O'Brien Anthony P, McNeil Karen A, Fletcher Richard, Conrad Agatha, Wilson Amanda J, Jones Donovan, Chan Sally W
1 University of Newcastle, Callaghan, New South Wales, Australia.
Am J Mens Health. 2017 Jul;11(4):863-876. doi: 10.1177/1557988316669047. Epub 2016 Sep 29.
More than 10% of fathers experience depression and anxiety during the perinatal period, but paternal perinatal depression (PPND) and anxiety have received less attention than maternal perinatal mental health problems. Few mainstream treatment options are available for men with PPND and anxiety. The aim of this literature review was to summarize the current understanding of PPND and the treatment programs specifically designed for fathers with perinatal depression. Eight electronic databases were searched using a predefined strategy, and reference lists were also hand searched. PPND and anxiety were identified to have a negative impact on family relationships, as well as the health of mothers and children. Evidence suggests a lack of support and tailored treatment options for men having trouble adjusting to the transition to fatherhood. Of the limited options available, cognitive behavioral therapy, group work, and blended delivery programs, including e-support approaches appear to be most effective in helping fathers with perinatal depression and anxiety. The review findings have important implications for the understanding of PPND and anxiety. Future research is needed to address the adoption of father-inclusive and father-specific models of care to encourage fathers' help-seeking behavior. Inclusion of male-specific requirements into support and treatment options can improve the ability of services to engage new fathers. Psychotherapeutic intervention could assist to address the cognitive differences and dissonance for men adjusting to the role of father, including male identity and role expectations.

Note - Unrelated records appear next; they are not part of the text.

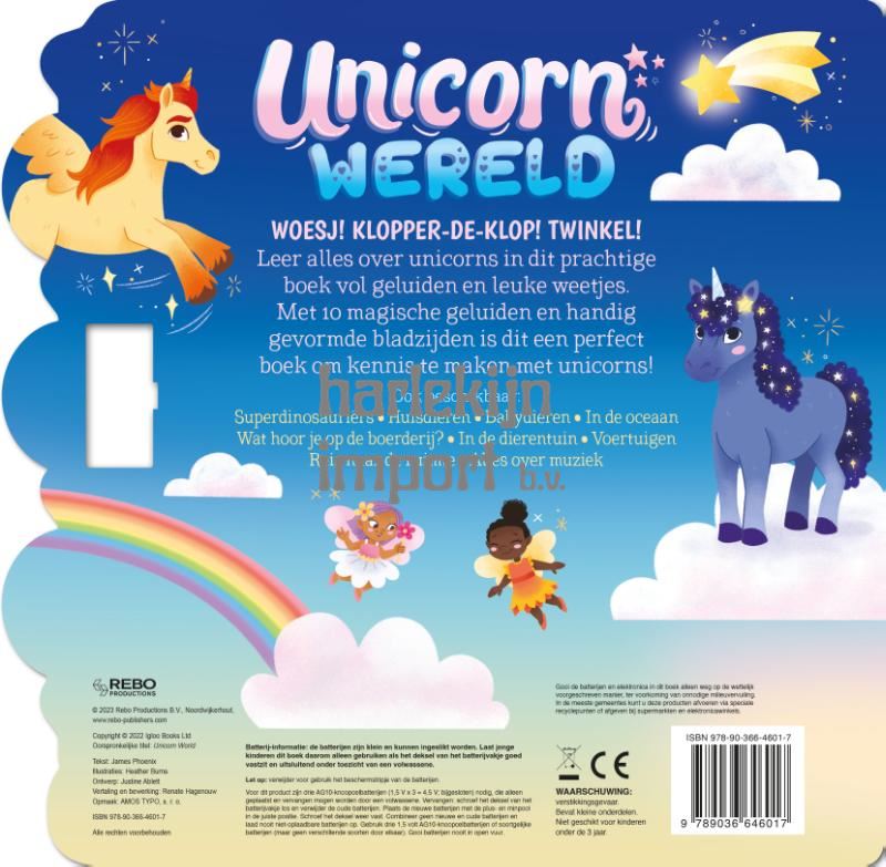 Woesj! Klopper-de-klop! Twinkel! Leer alles over unicorns in dit prachtige boek vol geluiden en leuke weetjes. Met 10 magische geluiden en handig gevormde bladzijden is dit een perfect boek om kennis te maken met unicorns!
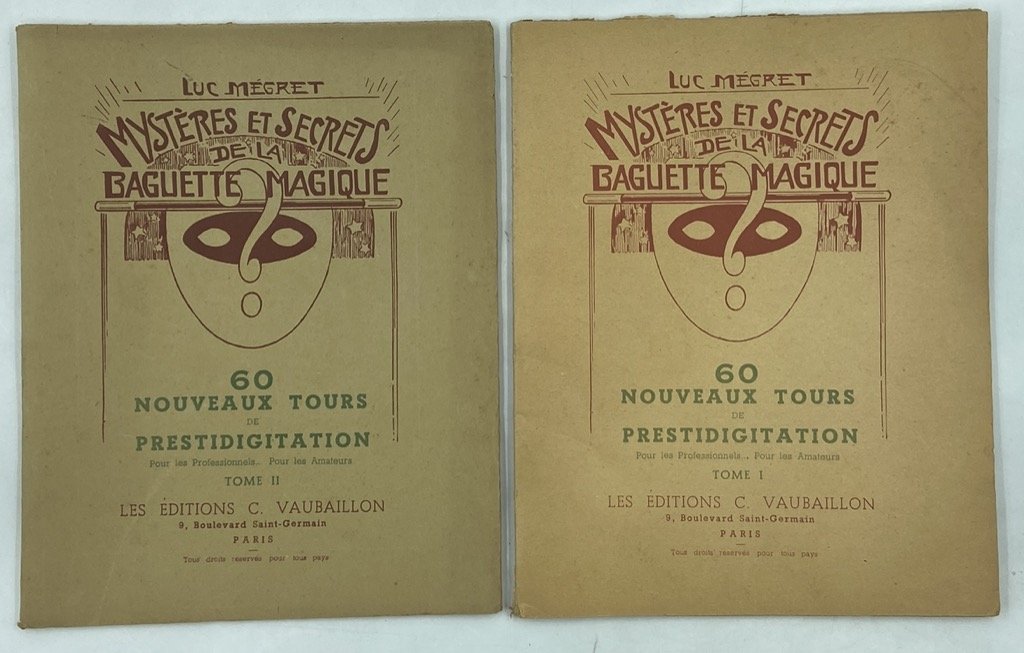 Opera completa in due volumi in brossura editoriale illustrata, cm 24 x 19, pp 51 (1), 51 (1) con numerose illustrazioni in nero. Testo in francese. Edizione originale (stampa settembre 1948) di questa raccolta di 60 illusioni e trucchi di magia rivolti a prestigiatori professionisti e dilettanti. Luc Mégret, «Magicien français et vulgarisateur de la magie» (Raczynski) esordì come illustratore negli anni '20, affiancando ai lavori per almanacchi, romanzi popolari e album per l'infanzia una produzione di immagini e affiches per illusionisti e prestigiatori, guadagnandosi la nomea di «dessinateur du mystère». Mégret fu inoltre prolifico autore di propri manuali di magia di taglio popolare, di cui curò naturalmente anche la parte iconografica, ristampati fino agli anni '70.
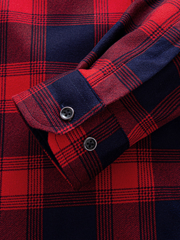 フランネルフリース裏地チェック柄ボタンダウンシャツ

超过10%的父亲在围产期会经历抑郁和焦虑,但与母亲的围产期心理健康问题相比,父亲的围产期抑郁(PPND)和焦虑受到的关注较少。对于患有PPND和焦虑症的男性,几乎没有主流的治疗选择。这篇文献综述的目的是总结目前对PPND的理解以及专门为患有围产期抑郁症的父亲设计的治疗方案。使用预定义策略搜索了八个电子数据库,并对参考文献列表进行了手工搜索。已确定PPND和焦虑会对家庭关系以及母亲和儿童的健康产生负面影响。有证据表明,对于难以适应成为父亲这一转变的男性,缺乏支持和量身定制的治疗选择。在现有的有限选择中,认知行为疗法、团体治疗以及包括电子支持方法在内的混合交付项目,似乎在帮助患有围产期抑郁和焦虑的父亲方面最为有效。综述结果对理解PPND和焦虑具有重要意义。未来需要开展研究,以采用包含父亲和针对父亲的护理模式,鼓励父亲寻求帮助的行为。将男性特有的需求纳入支持和治疗选择中,可以提高服务机构吸引新父亲的能力。心理治疗干预可以帮助解决男性在适应父亲角色时的认知差异和失调问题,包括男性身份和角色期望。